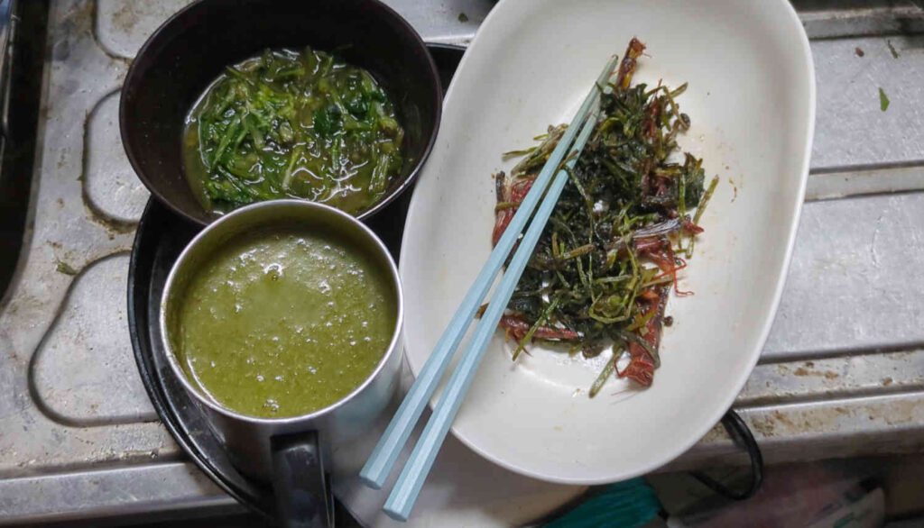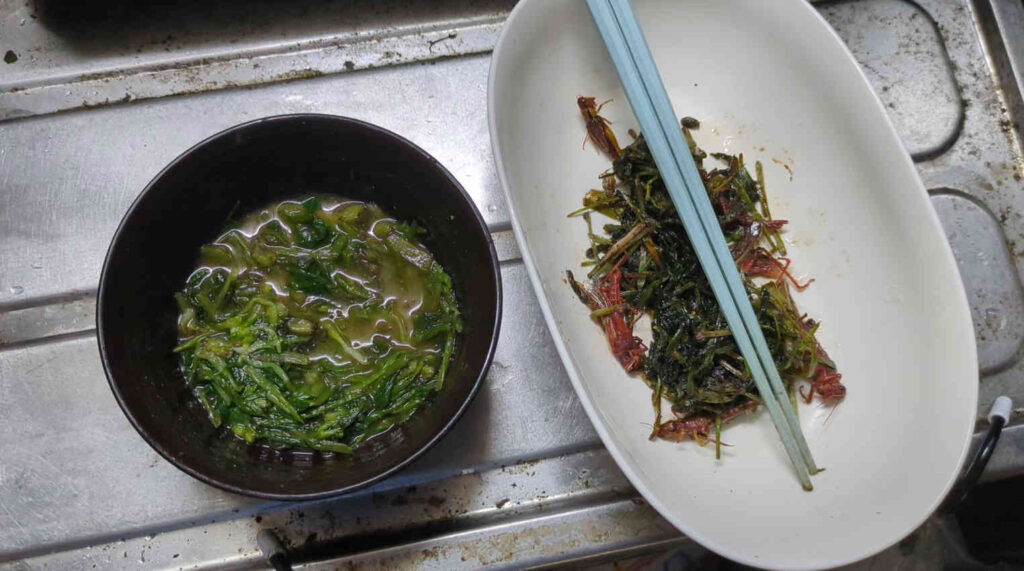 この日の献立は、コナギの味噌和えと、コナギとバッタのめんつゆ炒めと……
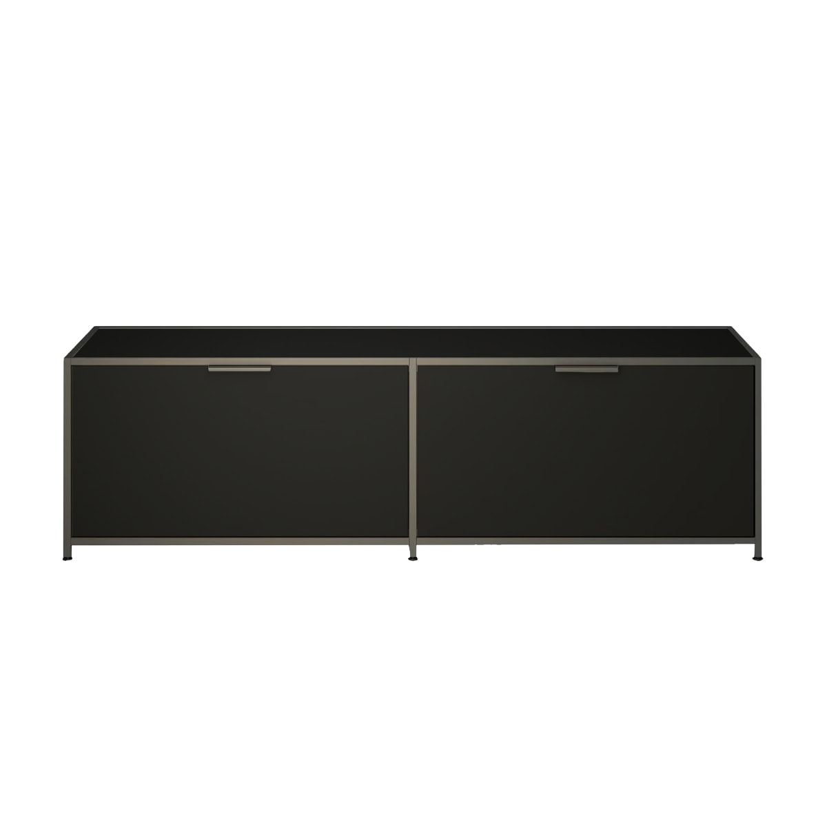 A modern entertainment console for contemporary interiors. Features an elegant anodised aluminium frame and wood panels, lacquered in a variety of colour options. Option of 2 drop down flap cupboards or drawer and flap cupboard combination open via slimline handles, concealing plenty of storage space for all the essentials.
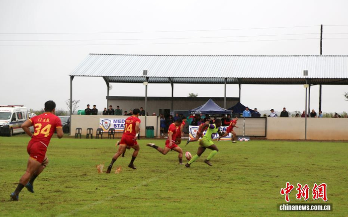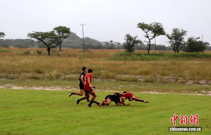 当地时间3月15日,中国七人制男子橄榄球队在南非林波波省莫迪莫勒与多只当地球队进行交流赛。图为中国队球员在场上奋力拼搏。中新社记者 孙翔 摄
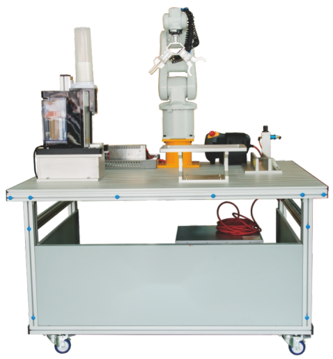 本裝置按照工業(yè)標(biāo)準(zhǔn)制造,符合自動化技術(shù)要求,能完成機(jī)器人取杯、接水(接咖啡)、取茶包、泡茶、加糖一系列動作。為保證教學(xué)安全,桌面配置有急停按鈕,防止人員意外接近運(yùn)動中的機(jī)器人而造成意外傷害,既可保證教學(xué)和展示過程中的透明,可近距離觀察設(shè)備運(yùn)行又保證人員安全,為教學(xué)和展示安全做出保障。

—————

ASSIGNED TASK -> Repeat the lines above, starting at the first and stopping after the line that holds "A modern entertainment", with the pictures left out.

SOLUTION FOR THIS TASK ->
 この日の献立は、コナギの味噌和えと、コナギとバッタのめんつゆ炒めと……
 A modern entertainment console for contemporary interiors. Features an elegant anodised aluminium frame and wood panels, lacquered in a variety of colour options. Option of 2 drop down flap cupboards or drawer and flap cupboard combination open via slimline handles, concealing plenty of storage space for all the essentials.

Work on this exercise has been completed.